Basic demographic information (age and sex) is reported in categories captured by PIC, including the following age categories: neonate (birth to 4 weeks), infant (1–12 months), toddler (1–4 years), child (5–14 years), adolescent (15–19 years), adult (20–74 years) and elderly (75 + years). Disposition is recorded by PIC based on recommended management (e.g. at-home management, hospital referral and general practitioner referral), or location of the call (e.g. already in hospital or attending general practitioner). Exposure type is collected at the time of call and includes accidental exposures (e.g. paediatric exploratory behaviours), therapeutic errors (e.g. incorrect dose, incorrect time, incorrect medication, incorrect patient), adverse drug reactions (unpleasant responses to therapeutic doses), intentional (includes self-harm exposures, intentional misuse) and other/unknown.

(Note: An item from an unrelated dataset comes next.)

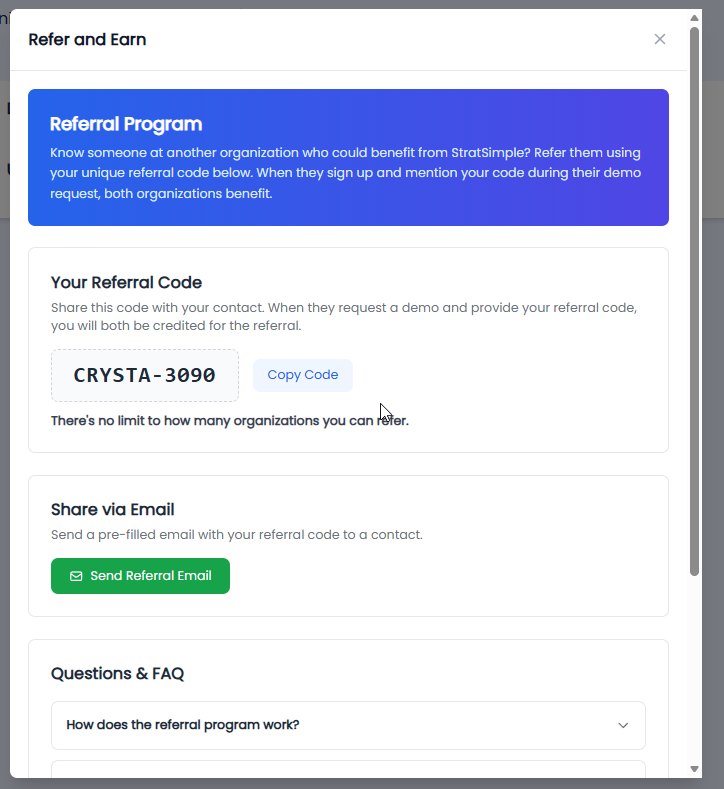 The easiest way to refer someone to StratSimple is from your homepage, go to the bottom left to this Refer and Earn, which will open the referrals screen. Then you can copy the code and send it. There is a unique referral link for every organization.
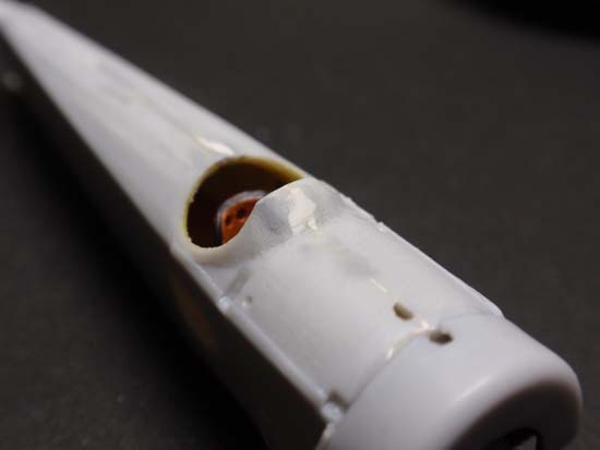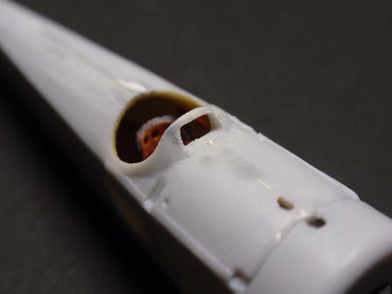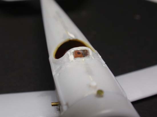 機首は整備用のパネルをプラ版で張り、排気管を真鍮管にしました。

For our detailed analysis of Fe exposures, free-text substance fields (containing information on brand/formulation) were reviewed and classified into ‘high strength’ and ‘low strength’. Products containing > 45 mg of elemental Fe dose unit (solid preparation) or per mL of liquid preparation were classified as high strength as they were above the upper level intake for Fe(24). From the calls regarding Fe supplements, we calculated the poisoning risk in each exposure, based on reported elemental Fe ingested and the patient’s body weight data (where available). Patients were classified as high risk if their calculated dose (mg/kg) was > 40 mg/kg (based on the American Association of Poisons Control Centers’ consensus guideline(Reference Manoguerra, Erdman and Booze19)).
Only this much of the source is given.